[TASK INSTRUCTIONS]
Print every line below exactly as written, but leave the pictures behind.

[DATA]

***

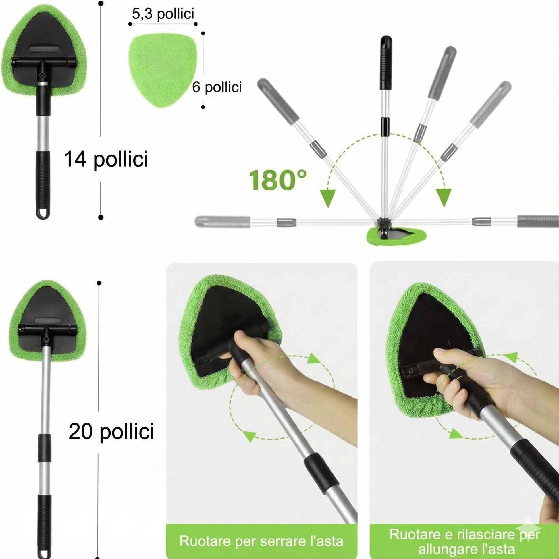 3 panni in microfibra: riutilizzabili e lavabili per molteplici utilizzi. · Asta verde + panni: ideale per una pulizia accurata. ·
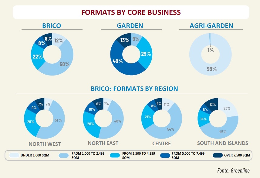 Looking more closely at DIY centers, which are the most numerous in terms of volume, we find that small-scale stores (under 1,000 sqm) are more prevalent in the southern regions: they represent 23% of all DIY centers in that macro-area.
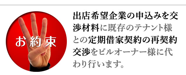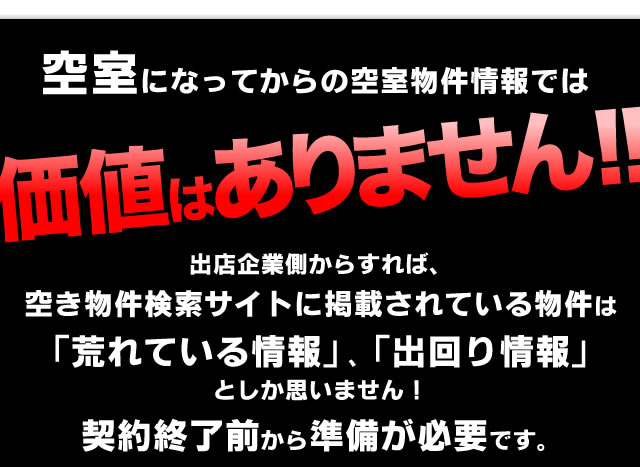 よくテナント様が言われる本音定期借家期間満了数か月前に空き物件情報を知っても年度予算や社内稟議の関係で出店までには少なくとも1年はかかる。できれば1年以上前から空き予定物件がわかっていれば余裕をもって検討できるんだが...

***

[WRITTEN SOLUTION]
 3 panni in microfibra: riutilizzabili e lavabili per molteplici utilizzi. · Asta verde + panni: ideale per una pulizia accurata. ·
 Looking more closely at DIY centers, which are the most numerous in terms of volume, we find that small-scale stores (under 1,000 sqm) are more prevalent in the southern regions: they represent 23% of all DIY centers in that macro-area.
 よくテナント様が言われる本音定期借家期間満了数か月前に空き物件情報を知っても年度予算や社内稟議の関係で出店までには少なくとも1年はかかる。できれば1年以上前から空き予定物件がわかっていれば余裕をもって検討できるんだが...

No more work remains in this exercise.